STUDY MATERIAL
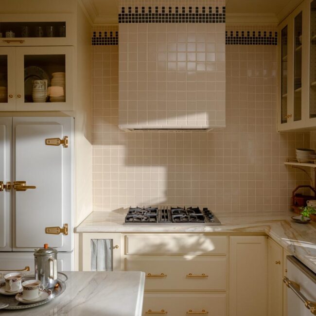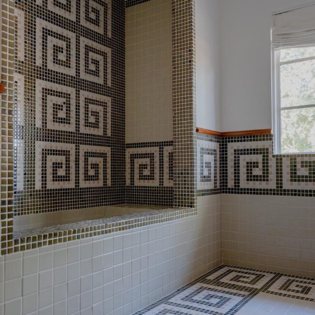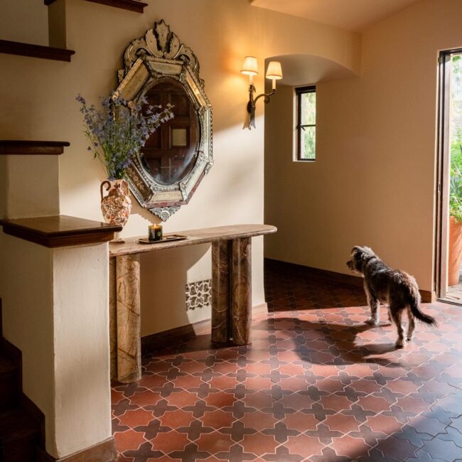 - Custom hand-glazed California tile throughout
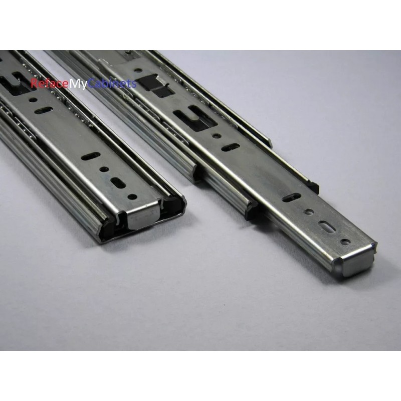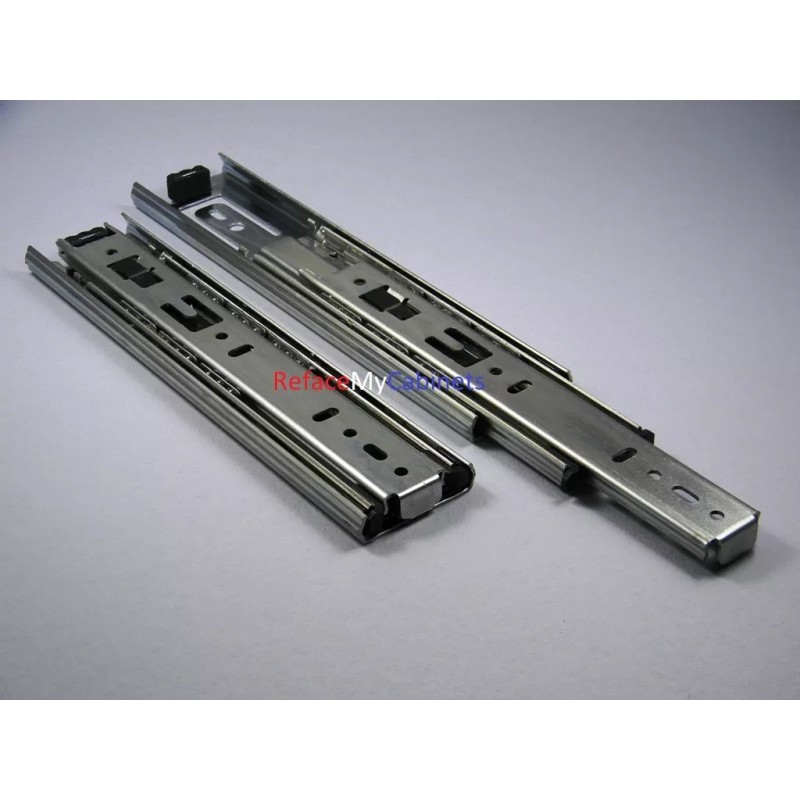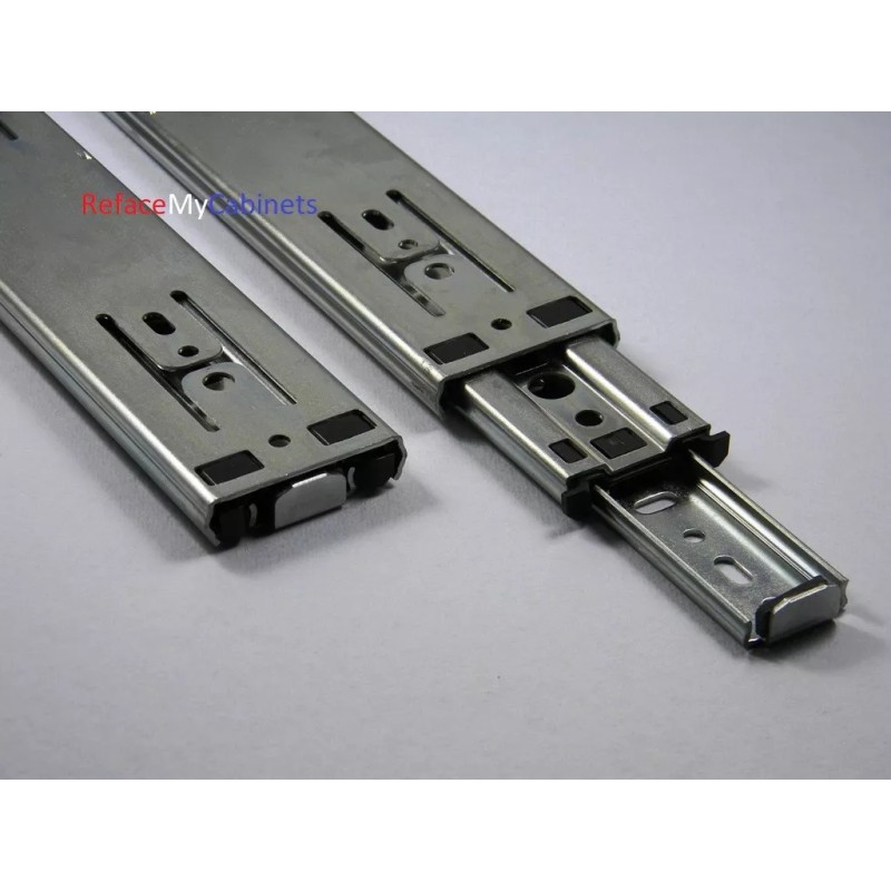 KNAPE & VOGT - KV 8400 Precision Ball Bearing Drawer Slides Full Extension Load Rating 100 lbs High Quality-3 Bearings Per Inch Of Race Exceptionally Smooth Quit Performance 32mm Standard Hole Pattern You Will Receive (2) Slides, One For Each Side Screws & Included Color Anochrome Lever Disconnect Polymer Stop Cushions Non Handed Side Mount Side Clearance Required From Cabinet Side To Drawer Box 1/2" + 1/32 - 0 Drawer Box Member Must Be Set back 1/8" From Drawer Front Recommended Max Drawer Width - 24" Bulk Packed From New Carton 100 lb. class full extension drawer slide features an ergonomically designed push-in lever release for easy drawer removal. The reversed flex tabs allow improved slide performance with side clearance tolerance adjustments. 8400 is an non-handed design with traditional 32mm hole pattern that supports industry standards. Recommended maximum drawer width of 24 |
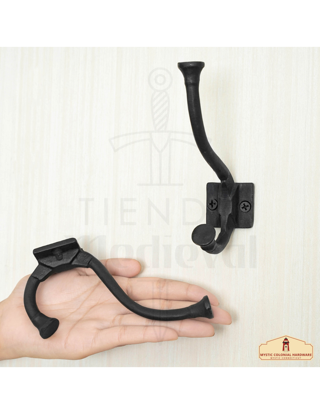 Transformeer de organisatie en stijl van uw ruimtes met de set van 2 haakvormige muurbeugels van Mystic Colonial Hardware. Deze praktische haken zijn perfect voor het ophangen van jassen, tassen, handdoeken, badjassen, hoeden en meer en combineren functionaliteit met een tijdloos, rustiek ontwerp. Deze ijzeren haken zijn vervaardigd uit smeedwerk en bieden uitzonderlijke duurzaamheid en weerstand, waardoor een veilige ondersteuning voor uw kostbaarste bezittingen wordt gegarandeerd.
---
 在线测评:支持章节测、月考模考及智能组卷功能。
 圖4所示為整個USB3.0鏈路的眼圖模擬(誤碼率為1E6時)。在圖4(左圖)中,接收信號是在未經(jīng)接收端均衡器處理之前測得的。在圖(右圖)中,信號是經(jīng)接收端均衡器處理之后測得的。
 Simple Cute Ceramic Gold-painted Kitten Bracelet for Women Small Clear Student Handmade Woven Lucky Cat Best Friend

EXERCISE INSTRUCTIONS
Beginning with the line above that contains "圖4所示為整個USB3.0鏈", copy each line exactly up to and including the line that contains "Simple Cute Ceramic", and go no further.

EXPECTED ANSWER
 圖4所示為整個USB3.0鏈路的眼圖模擬(誤碼率為1E6時)。在圖4(左圖)中,接收信號是在未經(jīng)接收端均衡器處理之前測得的。在圖(右圖)中,信號是經(jīng)接收端均衡器處理之后測得的。
 Simple Cute Ceramic Gold-painted Kitten Bracelet for Women Small Clear Student Handmade Woven Lucky Cat Best Friend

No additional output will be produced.